Vernetti testified regarding how the case eventually was settled:
Q: And could you explain to the Court how your office ultimately came to
the settlement number and the - - any discussions you had about
resolving that case.
A: Sure. We learned in late April 2010 that - - and it was a grapevine
rumor, but we learned that TVA was interested in clay and topsoil on
the Guptons’ property. Because of the proximity of their property to
the ash spill and TVA’s need to cap their ash pond and also their, then,
resulting need for additional landfill space, it was a logical conclusion
they may be willing to buy the Guptons’ land at that point because they
needed clay and topsoil and they - - once they dug all the clay and
topsoil out, they’d have additional landfill area.

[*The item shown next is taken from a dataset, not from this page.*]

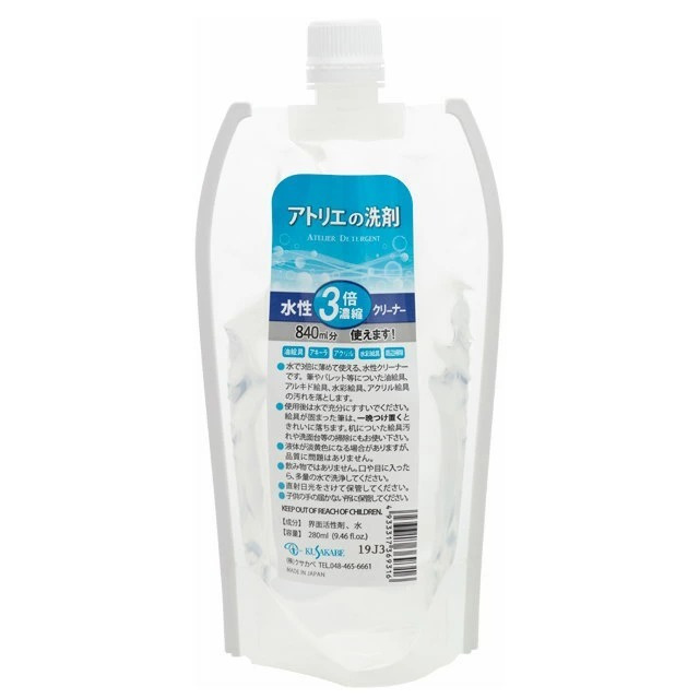 日本クサカベ推出的水性多用途畫材清潔劑,適用於油畫、水彩、壓克力、アキーラ等顏料清潔。

Q: Did you have the opportunity, then, to ultimately price out the value of
the clay and topsoil?
A: Yes. I made phone calls to various businesses around the area to find
out what the going rate for a yard of clay and a yard of topsoil were; sat
down and figured out the numbers. We took a hard look at what - - you
know, TVA was moving into Phase III of their clean-up, and so we
were trying to figure out if - - you know, exactly how to approach it, but
- - but ultimately we put down numbers based on what we thought the
clay and the topsoil were worth. TVA countered, and eventually we
came to a number.
In June 2010, the Guptons signed the settlement documents. The settlement
saw the Guptons sell their farm to TVA for $3,600,000, of which Vernetti received $900,000
as her 25% contingency fee. Vernetti testified that five percent of the settlement funds were
withheld by TVA, but eventually Vernetti recouped this as part of her fee. This withheld
portion of the settlement became a point of contention because the Trial Court previously had
instructed Vernetti to account for imminent disbursements of the settlement monies, and
Vernetti did not disclose that TVA was holding this five percent to be paid out later by TVA.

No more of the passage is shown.